== WHAT YOU NEED TO DO ==
Using the data below, print exactly the line with "hofstein Lampadaire - Verre", the line with "あっさりとした旬食材を上品に", and every line between them, but none of the pictures.
───── EXTRACTED MATERIAL ─────
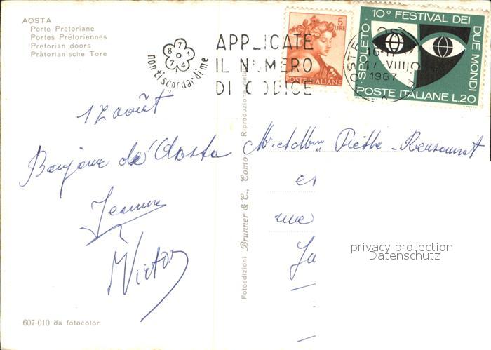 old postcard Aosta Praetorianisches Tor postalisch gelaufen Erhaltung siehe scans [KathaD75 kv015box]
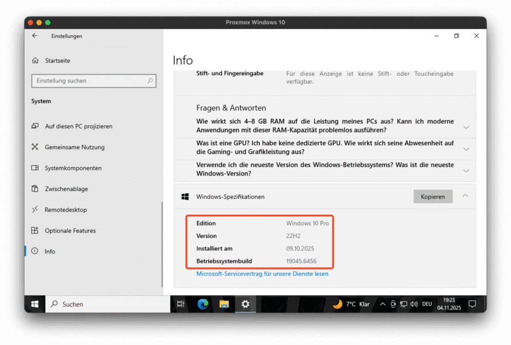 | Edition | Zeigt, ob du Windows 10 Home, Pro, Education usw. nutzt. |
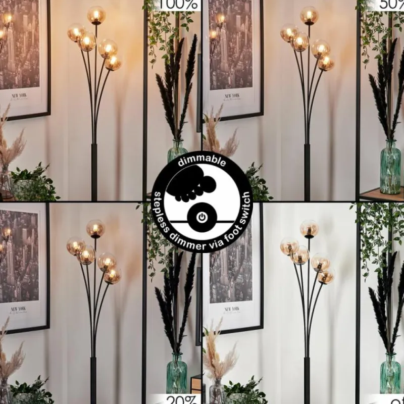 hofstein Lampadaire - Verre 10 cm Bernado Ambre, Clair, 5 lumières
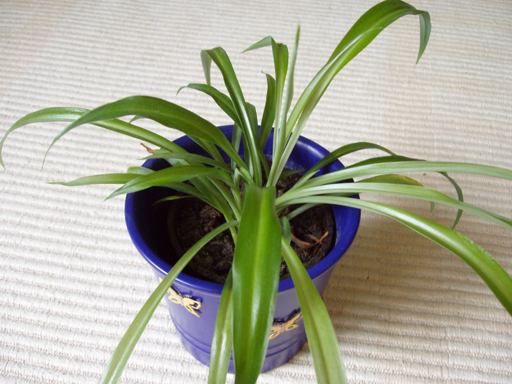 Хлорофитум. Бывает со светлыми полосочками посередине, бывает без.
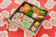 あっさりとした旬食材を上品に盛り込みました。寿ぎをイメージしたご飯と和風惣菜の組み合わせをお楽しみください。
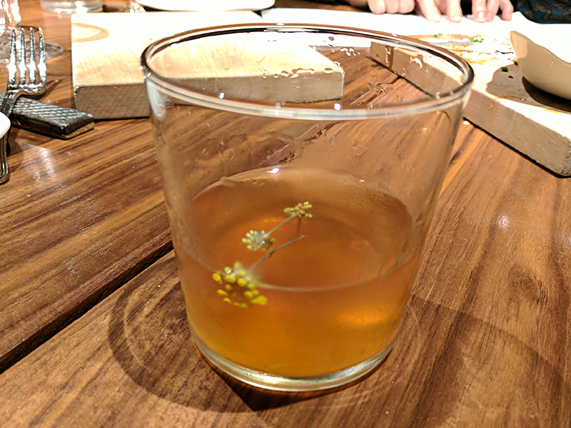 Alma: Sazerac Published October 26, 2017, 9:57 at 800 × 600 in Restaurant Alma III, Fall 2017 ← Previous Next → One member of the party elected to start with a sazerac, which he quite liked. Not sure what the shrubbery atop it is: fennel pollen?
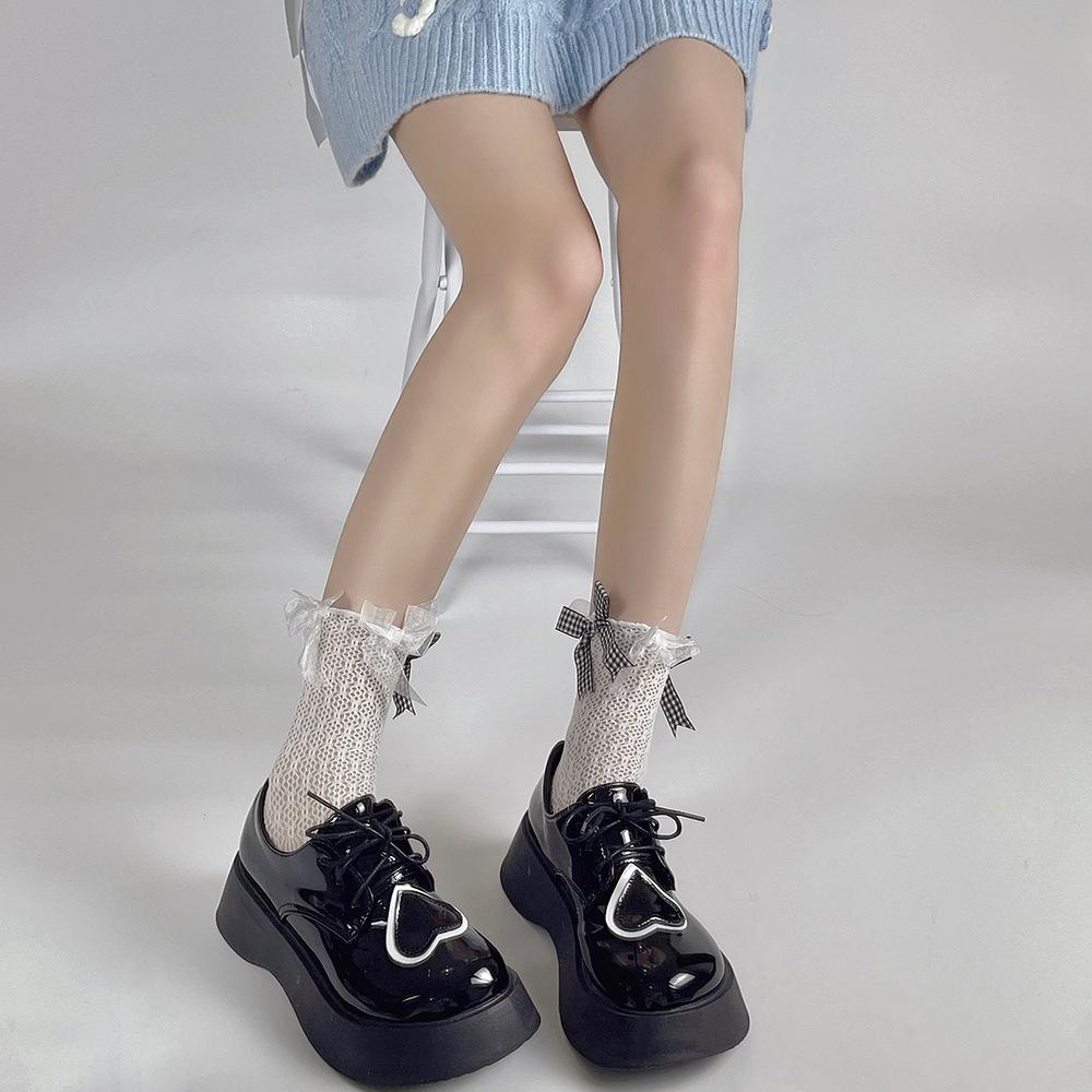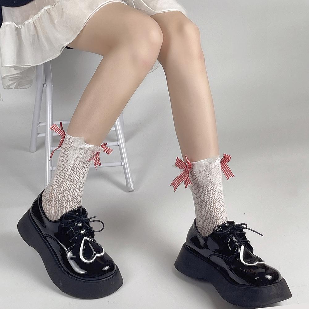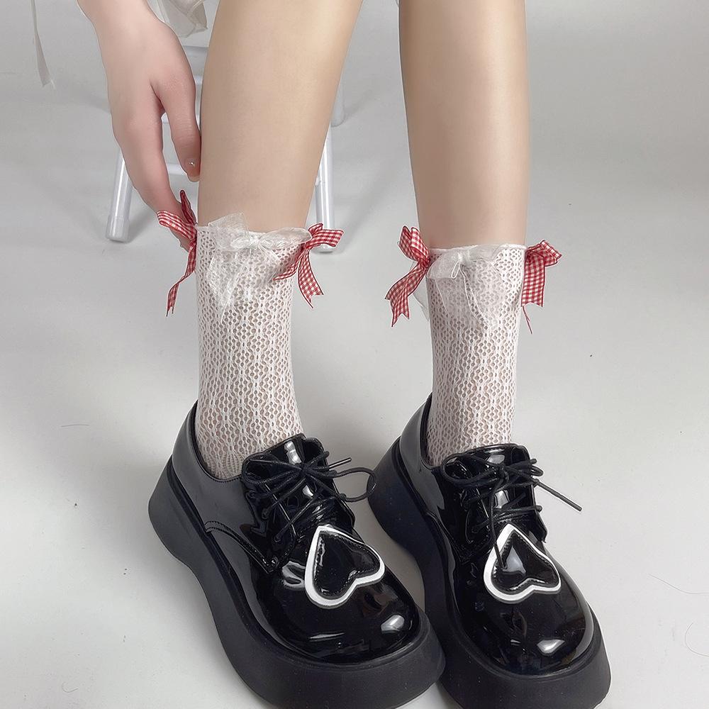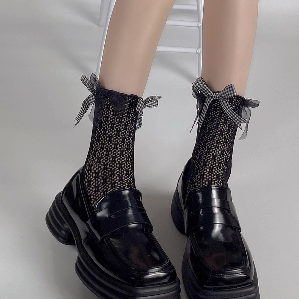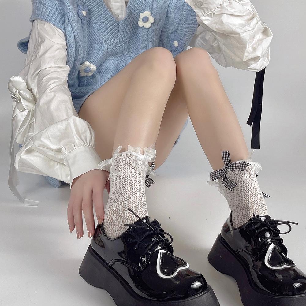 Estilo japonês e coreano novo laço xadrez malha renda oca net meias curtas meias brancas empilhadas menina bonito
─────
== YOUR RESPONSE ==
 hofstein Lampadaire - Verre 10 cm Bernado Ambre, Clair, 5 lumières
 Хлорофитум. Бывает со светлыми полосочками посередине, бывает без.
 あっさりとした旬食材を上品に盛り込みました。寿ぎをイメージしたご飯と和風惣菜の組み合わせをお楽しみください。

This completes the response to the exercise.